Below are entries with pictures in them. Output exactly the lines starting at the line with "中共解放軍臺海周邊海、空域動態(113年4月10日)" and ending at the line with "According to $Taiwan", both included, but not the pictures.
** Records for this exercise follows **
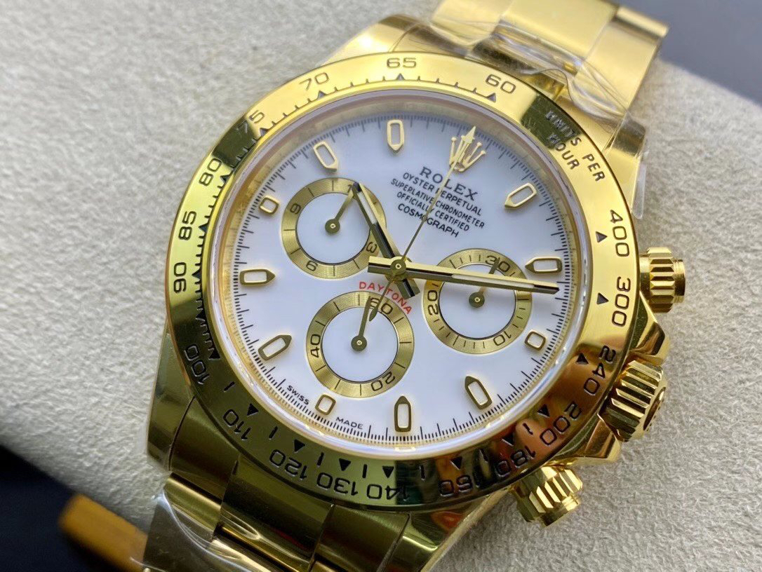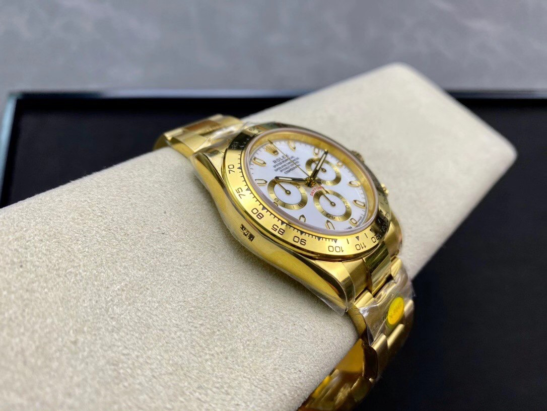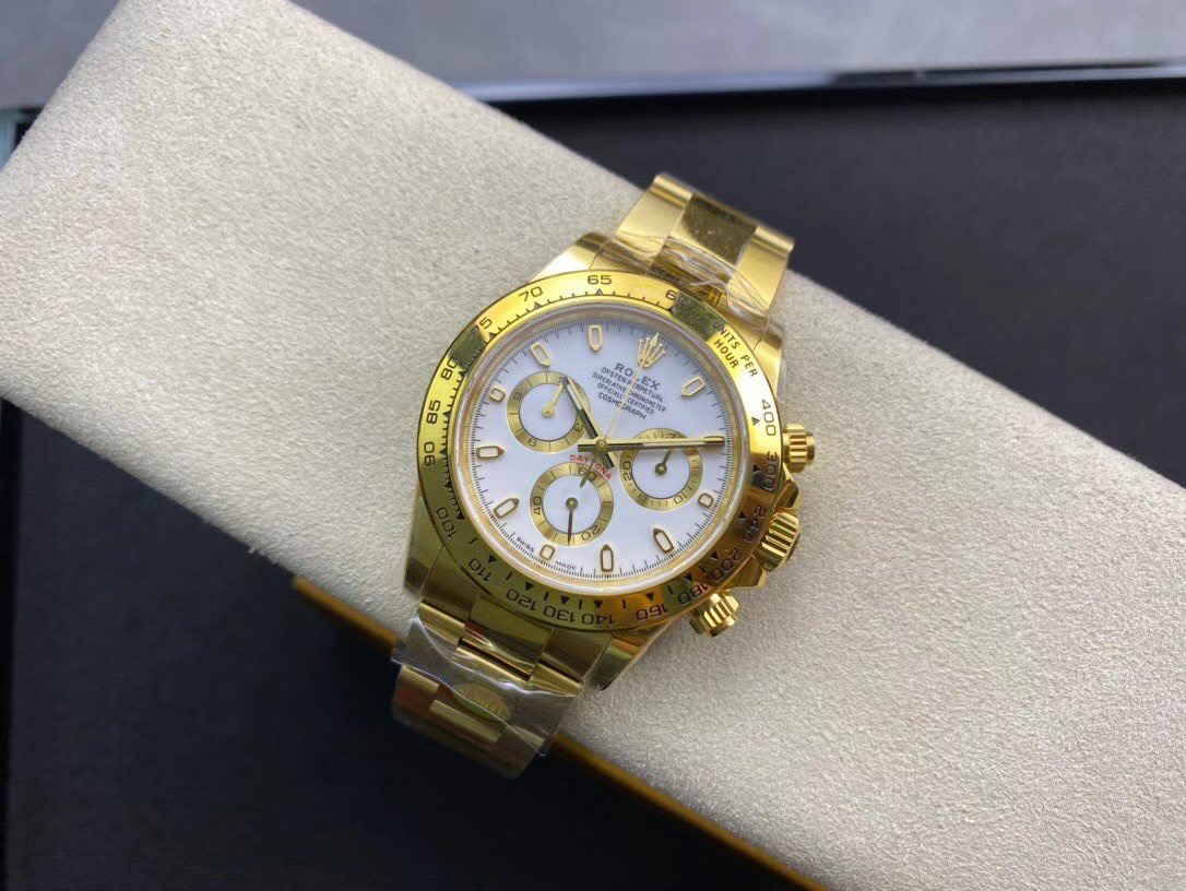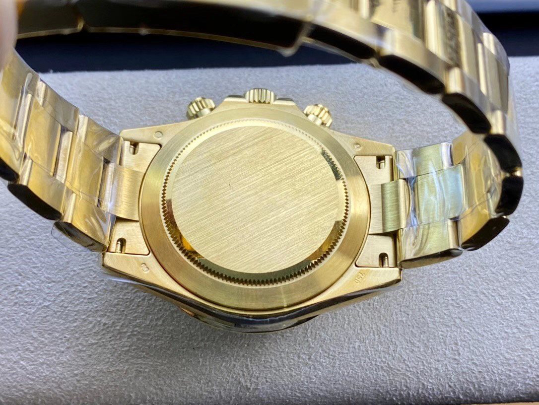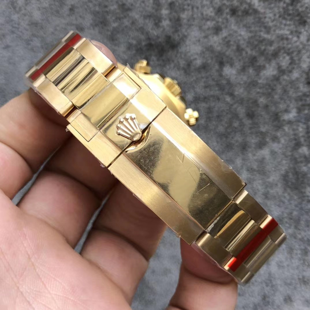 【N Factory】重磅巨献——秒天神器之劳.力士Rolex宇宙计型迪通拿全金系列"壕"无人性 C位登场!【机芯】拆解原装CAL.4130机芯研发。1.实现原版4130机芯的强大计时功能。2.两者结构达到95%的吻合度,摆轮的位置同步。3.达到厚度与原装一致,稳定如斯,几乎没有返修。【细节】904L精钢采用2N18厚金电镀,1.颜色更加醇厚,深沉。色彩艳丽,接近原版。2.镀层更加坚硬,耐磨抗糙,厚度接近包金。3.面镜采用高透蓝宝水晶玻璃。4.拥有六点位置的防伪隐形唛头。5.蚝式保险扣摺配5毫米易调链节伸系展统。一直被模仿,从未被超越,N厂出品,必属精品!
** End of Records for this exercise **
** Records for this exercise follows **
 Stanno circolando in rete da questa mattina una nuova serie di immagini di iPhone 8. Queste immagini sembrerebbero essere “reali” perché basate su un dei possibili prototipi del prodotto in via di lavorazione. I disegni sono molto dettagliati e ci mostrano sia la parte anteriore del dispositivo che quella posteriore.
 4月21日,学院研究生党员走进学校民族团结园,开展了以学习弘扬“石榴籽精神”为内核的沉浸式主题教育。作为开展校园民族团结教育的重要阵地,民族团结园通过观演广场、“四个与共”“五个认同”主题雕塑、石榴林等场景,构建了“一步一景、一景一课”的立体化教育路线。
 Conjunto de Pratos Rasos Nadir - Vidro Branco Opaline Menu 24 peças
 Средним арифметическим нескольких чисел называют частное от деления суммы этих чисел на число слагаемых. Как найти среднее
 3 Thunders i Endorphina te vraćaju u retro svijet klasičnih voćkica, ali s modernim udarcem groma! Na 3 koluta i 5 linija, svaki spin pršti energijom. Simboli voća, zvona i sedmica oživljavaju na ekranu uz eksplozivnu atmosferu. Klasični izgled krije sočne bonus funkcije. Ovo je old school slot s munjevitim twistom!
** End of Records for this exercise **
** Records for this exercise follows **
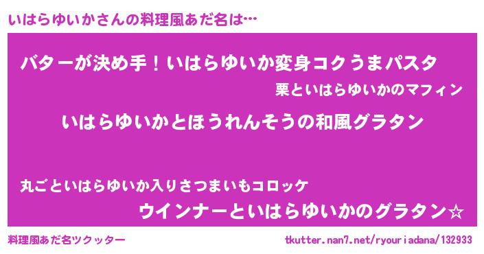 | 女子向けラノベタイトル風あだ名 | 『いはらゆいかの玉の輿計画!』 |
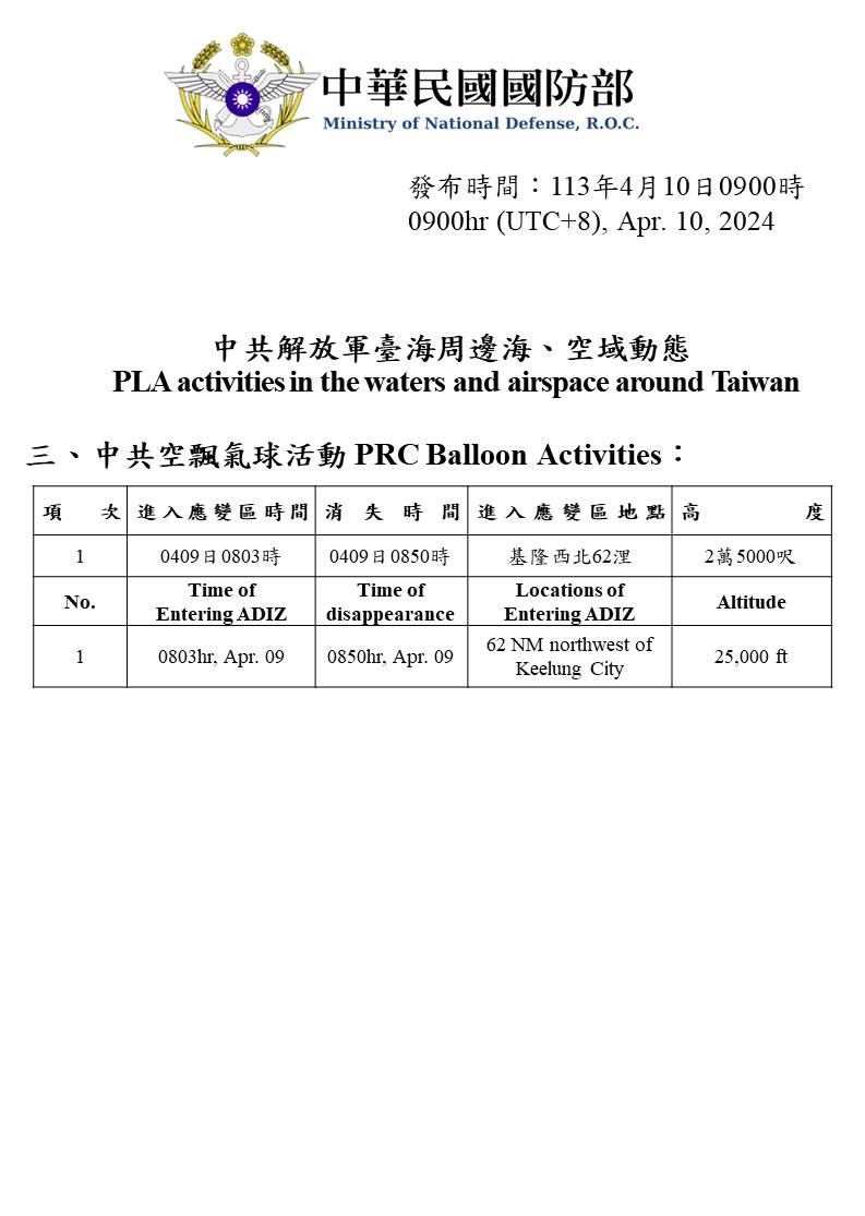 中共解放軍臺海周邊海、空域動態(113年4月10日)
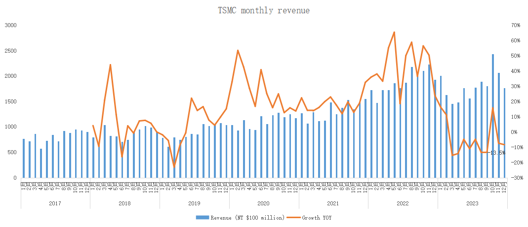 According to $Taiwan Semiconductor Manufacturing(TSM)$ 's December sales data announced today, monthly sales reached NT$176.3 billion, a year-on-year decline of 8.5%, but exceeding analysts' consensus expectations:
** End of Records for this exercise **
▸ Response for this exercise:
 中共解放軍臺海周邊海、空域動態(113年4月10日)
 According to $Taiwan Semiconductor Manufacturing(TSM)$ 's December sales data announced today, monthly sales reached NT$176.3 billion, a year-on-year decline of 8.5%, but exceeding analysts' consensus expectations:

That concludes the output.